> _Supplied entries_
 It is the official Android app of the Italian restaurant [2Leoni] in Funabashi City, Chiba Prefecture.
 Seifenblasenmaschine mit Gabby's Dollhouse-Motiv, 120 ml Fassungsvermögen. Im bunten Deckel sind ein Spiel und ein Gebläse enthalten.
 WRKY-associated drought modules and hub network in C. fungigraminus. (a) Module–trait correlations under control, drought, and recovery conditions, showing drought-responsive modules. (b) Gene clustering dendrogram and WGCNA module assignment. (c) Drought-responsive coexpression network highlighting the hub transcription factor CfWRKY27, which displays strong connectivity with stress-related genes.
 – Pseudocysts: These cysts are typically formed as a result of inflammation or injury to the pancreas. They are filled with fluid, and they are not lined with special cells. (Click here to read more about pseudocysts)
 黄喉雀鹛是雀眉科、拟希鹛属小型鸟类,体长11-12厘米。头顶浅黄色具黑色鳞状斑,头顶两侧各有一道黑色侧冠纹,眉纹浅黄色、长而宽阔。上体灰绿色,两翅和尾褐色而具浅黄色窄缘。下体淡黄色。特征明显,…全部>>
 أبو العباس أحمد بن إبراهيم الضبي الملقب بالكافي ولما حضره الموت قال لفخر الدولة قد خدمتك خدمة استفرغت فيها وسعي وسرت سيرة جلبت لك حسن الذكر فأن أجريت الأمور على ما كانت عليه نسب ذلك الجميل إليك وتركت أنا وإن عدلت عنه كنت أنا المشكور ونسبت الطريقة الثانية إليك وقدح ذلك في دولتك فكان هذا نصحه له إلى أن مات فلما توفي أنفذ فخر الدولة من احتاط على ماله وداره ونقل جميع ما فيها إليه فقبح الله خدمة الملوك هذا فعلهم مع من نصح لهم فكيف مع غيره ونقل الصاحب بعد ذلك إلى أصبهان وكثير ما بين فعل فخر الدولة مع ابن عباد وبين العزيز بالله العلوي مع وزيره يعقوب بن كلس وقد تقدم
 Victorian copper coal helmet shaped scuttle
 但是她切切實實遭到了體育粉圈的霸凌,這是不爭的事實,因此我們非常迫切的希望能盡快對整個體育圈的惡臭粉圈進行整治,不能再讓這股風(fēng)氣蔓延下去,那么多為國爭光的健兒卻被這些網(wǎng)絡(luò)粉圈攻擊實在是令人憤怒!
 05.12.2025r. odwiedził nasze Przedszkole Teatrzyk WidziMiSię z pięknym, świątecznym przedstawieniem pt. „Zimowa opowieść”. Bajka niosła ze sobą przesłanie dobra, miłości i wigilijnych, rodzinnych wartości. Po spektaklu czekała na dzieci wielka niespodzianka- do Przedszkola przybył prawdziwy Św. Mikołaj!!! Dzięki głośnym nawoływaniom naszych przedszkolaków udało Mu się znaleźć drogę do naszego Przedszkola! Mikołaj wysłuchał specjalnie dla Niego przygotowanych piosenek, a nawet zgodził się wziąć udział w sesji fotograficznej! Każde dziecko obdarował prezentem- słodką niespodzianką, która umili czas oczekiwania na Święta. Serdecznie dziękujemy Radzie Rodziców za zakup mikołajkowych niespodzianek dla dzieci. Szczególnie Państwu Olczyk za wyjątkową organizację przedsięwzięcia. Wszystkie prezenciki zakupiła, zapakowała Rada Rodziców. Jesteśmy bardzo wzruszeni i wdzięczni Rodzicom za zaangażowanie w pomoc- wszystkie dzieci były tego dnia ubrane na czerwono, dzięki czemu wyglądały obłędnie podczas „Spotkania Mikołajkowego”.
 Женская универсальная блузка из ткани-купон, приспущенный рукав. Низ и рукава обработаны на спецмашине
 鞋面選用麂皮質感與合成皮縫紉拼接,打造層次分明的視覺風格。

> _Your task_
Only one thing belongs in the reply: the exact lines of the listing above, from the one with "Женская универсальная блузка" through its last line.

> _Solution for this task_
 Женская универсальная блузка из ткани-купон, приспущенный рукав. Низ и рукава обработаны на спецмашине
 鞋面選用麂皮質感與合成皮縫紉拼接,打造層次分明的視覺風格。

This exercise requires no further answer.